I went to a funeral last week. It was a sobering start to a new year. He was a young man, 53, leaving a wife and two young children behind him. I hadn’t met him, but his brother is a good friend of mine.

There is something about funerals.

They seem to be able to blow everything out of your life apart from the bare essentials. Living and dying. As I sat in the church the irony of having just started a new year full of hope and optimism to now being at the funeral of a 53 year old man was not lost on me. Life may start a new chapter but the detail of the script will remain the same. Nobody puts going to a funeral on their to-do list at the start of a new year. Nobody forecasts that this could be the year of their own funeral. Life will always be a step ahead.

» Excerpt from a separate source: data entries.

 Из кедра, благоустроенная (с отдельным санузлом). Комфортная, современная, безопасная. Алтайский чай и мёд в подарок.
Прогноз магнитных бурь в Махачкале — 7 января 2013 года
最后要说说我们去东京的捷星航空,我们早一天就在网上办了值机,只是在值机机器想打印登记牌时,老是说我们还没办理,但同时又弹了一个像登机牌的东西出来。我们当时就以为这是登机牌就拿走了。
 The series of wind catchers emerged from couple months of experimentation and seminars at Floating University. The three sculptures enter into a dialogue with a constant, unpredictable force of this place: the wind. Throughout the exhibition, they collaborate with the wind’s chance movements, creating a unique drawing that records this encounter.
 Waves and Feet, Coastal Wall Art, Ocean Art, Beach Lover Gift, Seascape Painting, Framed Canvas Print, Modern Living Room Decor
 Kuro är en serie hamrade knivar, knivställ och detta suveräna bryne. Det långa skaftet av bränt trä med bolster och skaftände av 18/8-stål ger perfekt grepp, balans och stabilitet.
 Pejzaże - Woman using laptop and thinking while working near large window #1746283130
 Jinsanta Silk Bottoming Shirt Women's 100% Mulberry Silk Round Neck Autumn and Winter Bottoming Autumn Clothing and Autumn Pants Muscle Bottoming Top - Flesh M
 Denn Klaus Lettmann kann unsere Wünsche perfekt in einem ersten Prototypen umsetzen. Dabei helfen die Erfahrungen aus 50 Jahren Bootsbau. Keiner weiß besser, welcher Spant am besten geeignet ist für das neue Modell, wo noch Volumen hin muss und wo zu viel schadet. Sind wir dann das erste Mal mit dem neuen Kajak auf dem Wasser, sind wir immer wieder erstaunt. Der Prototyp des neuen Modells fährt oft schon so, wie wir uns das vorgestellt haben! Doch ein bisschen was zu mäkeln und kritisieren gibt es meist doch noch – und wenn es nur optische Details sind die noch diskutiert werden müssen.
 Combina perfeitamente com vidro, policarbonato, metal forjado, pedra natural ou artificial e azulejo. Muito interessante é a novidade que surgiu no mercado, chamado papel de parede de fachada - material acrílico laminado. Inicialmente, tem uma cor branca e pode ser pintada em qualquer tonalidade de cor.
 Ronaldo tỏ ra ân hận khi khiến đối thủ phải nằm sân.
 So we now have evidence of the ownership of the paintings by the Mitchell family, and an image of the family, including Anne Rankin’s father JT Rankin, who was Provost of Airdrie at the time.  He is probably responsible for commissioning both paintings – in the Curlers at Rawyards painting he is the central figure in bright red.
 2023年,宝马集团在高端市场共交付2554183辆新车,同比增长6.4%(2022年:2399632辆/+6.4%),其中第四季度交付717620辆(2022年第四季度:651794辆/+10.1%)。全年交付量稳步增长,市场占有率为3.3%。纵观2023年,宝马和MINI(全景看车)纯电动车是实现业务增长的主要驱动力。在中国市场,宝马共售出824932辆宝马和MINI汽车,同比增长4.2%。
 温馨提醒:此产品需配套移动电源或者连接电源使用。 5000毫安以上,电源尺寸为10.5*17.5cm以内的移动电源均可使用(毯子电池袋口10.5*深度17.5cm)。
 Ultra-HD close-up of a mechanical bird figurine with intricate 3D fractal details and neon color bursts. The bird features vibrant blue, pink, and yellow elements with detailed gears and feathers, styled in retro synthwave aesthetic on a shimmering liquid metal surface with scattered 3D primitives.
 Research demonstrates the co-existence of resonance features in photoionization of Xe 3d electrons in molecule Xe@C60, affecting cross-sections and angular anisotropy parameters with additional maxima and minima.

I somehow sense that the thoughts going through my head at that funeral were not just confined to me. They would also have found a foothold, at some stage, in the minds of everybody else in the church. Each one of us is an amazing complex creation with fingers, and lungs, and eyes, and blood flowing through our veins, and voices, and hearts, and minds. Every single incredible piece of us, no matter how small, is there to perform its own unique, extraordinary, essential function. We are sustained on a planet that is way beyond anything we could even begin to contemplate, let alone create. A planet that rotates around a sun to give us light to live and darkness to rest. A planet on which we can grow food to eat and that provides water to drink. A planet that simply spellbinds all of us with the magnificence of its oceans, and rivers, and mountains, and birds and creatures of all kinds of unimaginable shapes and sizes. A planet that has clearly been created just for us. A planet that we would be impossible of creating ourselves.

So why does somebody die at 53? This man had lived a good life, in a good place, with a great wife and two beautiful children. But for all the magnificence and ingenuity of the creation, why for just 53 years. And worse still, why does somebody die at 3, or 13, or 23? Why is somebody murdered at 25, or tortured at 35, or in an accident at 45? Why in the world that was clearly designed to sustain us, do we have war, and famine, and terror, and disaster. Why, for those of us who are supposed to be doing well, are so few of us truly happy for any great length of time. Happiness only comes in little glimpses. Little bubbles and as soon as we try to grab them to keep them, they disappear in our hands. And happiness is the one emotion that links all of us. It is the universal aspiration that we all seek. So this planet may have been created to sustain us, but it does not appear to have been designed to fulfil us.

We have a strong culture of going to funerals in Ireland. I think it stands to us as a race of people. It keeps us grounded. A funeral, in more ways than one, is a very grounding experience. It keeps our own demise in front of us. And our own demise is in front of all of us. At some point it must have crossed everybody’s mind that rather than a 53 year old man, it could have been my turn to be in that coffin today. For all our advancement, and knowledge, and expertise and assumed control over what we do, this is life telling us that it is no more than the luck of the draw.

A funeral makes you see life as it really is – short, more difficult than easy, more uphill than on the level. Sure, there are wonderful moments of joy and achievement along the way, but rather than equal portions, these tend to be just sprinkled through the stoic base. The greatest human attribute of all, is the ability to keep going.

So given the amazing complexities that were required to create both the human being and the planet it lives on, my thoughts as I look on at the coffin of a man who is two years younger than me eventually subside to just one conclusion.

There simply has to be more.

As I grow older the leap of faith gets narrower and narrower. And the narrower it gets, the greater my belief becomes that the ‘more’, will be vastly superior to everything we currently know.